Using the data below, transcribe exactly everything from the line that contains "2UUL MS71 to" down to the line that contains "Remove unnecessary items". Include both of those lines and none of the pictures.

#### Material to process
____

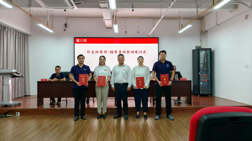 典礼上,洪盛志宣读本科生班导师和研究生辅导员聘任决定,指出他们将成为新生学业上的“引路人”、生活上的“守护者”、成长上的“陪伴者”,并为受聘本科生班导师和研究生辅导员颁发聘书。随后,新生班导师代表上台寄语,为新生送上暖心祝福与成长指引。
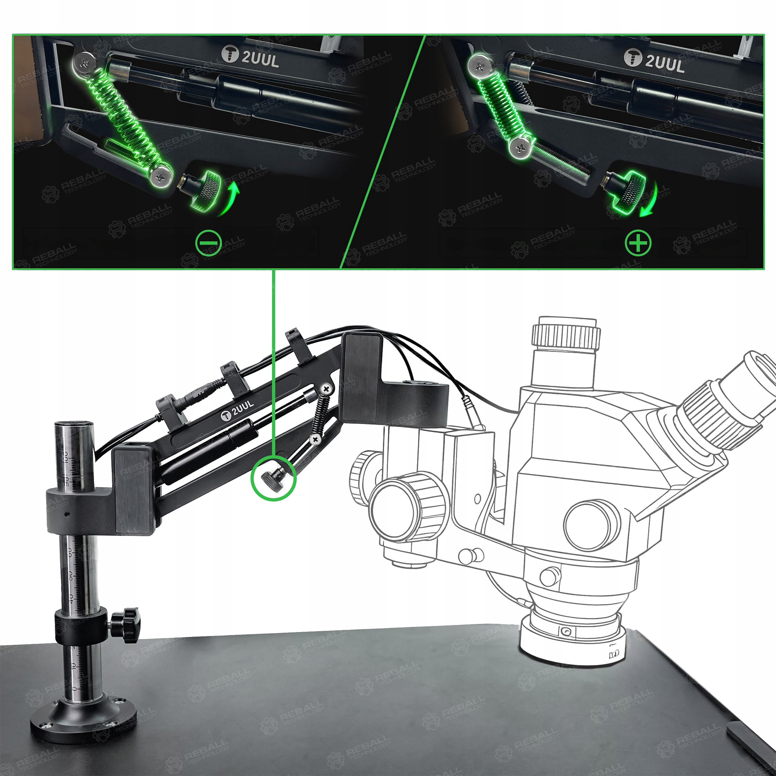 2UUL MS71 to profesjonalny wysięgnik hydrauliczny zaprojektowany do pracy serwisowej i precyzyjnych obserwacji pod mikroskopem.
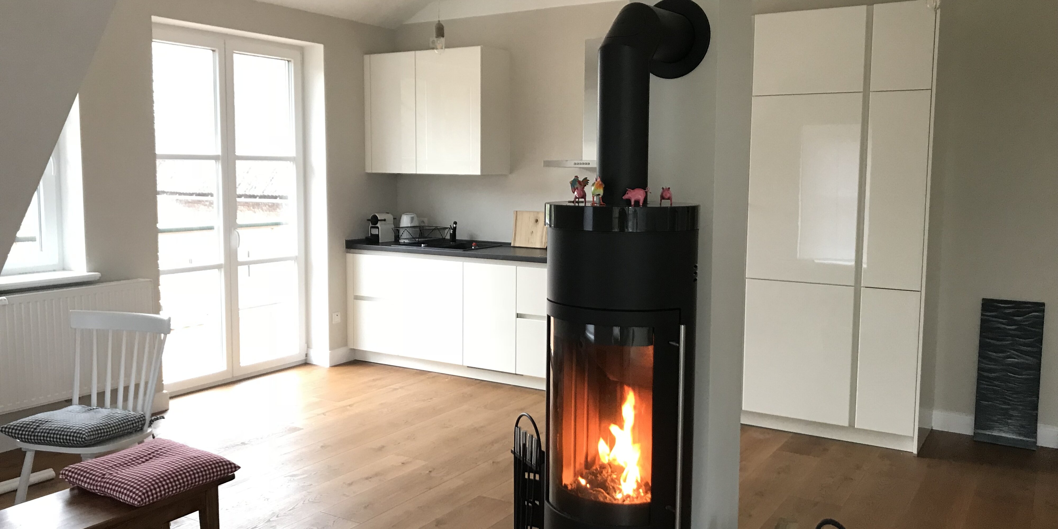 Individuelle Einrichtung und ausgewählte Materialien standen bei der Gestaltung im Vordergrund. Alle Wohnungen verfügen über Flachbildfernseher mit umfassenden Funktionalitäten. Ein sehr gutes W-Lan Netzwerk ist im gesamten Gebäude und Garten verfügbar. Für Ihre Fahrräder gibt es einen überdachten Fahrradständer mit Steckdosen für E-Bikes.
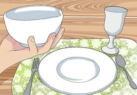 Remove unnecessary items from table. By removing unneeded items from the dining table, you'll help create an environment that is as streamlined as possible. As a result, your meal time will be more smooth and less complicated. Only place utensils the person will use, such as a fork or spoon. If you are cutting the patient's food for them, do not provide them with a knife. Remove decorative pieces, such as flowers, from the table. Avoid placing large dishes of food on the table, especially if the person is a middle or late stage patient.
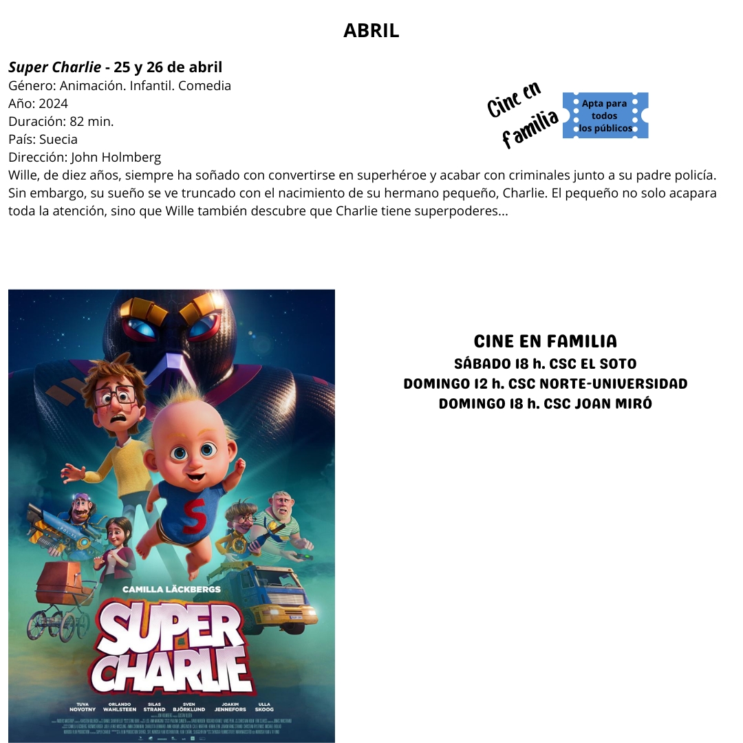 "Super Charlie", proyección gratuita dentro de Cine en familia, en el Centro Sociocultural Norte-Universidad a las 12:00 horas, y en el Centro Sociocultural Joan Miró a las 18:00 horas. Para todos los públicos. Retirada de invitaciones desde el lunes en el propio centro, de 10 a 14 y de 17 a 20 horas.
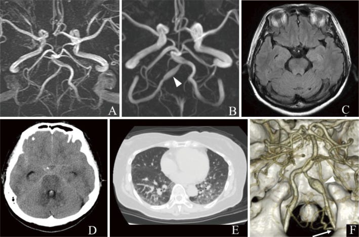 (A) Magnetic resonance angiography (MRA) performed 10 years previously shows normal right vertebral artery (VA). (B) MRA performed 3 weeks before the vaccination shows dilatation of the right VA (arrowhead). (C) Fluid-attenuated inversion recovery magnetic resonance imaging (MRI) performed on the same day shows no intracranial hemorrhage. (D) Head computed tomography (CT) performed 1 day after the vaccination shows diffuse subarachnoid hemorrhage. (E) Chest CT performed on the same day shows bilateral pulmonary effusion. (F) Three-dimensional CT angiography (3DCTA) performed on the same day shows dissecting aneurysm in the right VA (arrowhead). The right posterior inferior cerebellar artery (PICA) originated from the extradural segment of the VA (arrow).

____

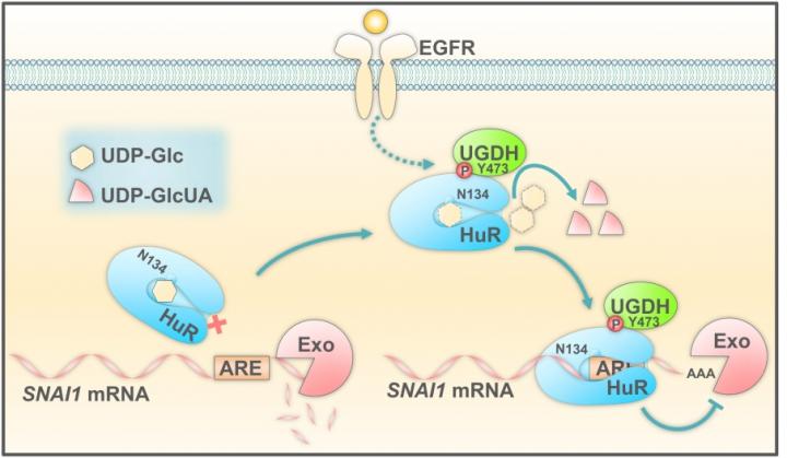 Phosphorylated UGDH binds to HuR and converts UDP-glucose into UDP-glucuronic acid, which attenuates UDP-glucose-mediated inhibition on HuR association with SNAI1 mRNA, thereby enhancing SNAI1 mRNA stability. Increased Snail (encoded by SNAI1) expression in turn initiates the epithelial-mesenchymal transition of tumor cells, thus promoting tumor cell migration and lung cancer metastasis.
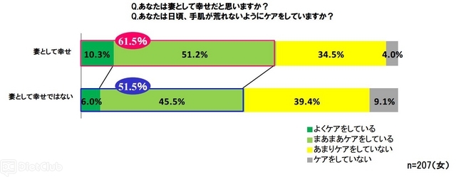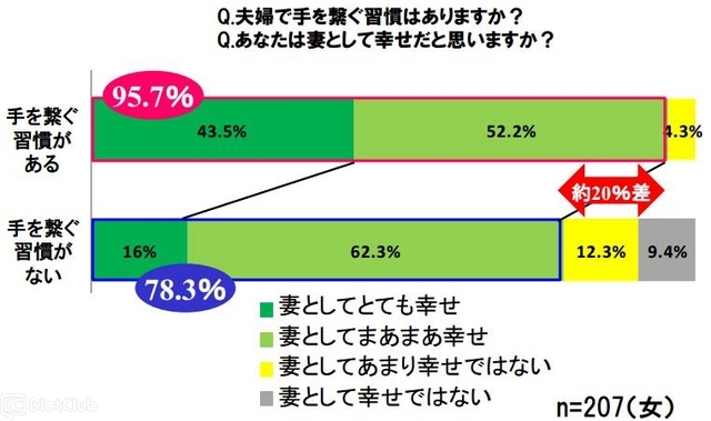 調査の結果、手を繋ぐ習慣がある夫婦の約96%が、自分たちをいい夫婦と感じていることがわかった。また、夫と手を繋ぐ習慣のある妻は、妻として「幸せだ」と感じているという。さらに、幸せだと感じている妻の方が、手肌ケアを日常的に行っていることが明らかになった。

____

#### Problem solution
 2UUL MS71 to profesjonalny wysięgnik hydrauliczny zaprojektowany do pracy serwisowej i precyzyjnych obserwacji pod mikroskopem.
 Individuelle Einrichtung und ausgewählte Materialien standen bei der Gestaltung im Vordergrund. Alle Wohnungen verfügen über Flachbildfernseher mit umfassenden Funktionalitäten. Ein sehr gutes W-Lan Netzwerk ist im gesamten Gebäude und Garten verfügbar. Für Ihre Fahrräder gibt es einen überdachten Fahrradständer mit Steckdosen für E-Bikes.
 Remove unnecessary items from table. By removing unneeded items from the dining table, you'll help create an environment that is as streamlined as possible. As a result, your meal time will be more smooth and less complicated. Only place utensils the person will use, such as a fork or spoon. If you are cutting the patient's food for them, do not provide them with a knife. Remove decorative pieces, such as flowers, from the table. Avoid placing large dishes of food on the table, especially if the person is a middle or late stage patient.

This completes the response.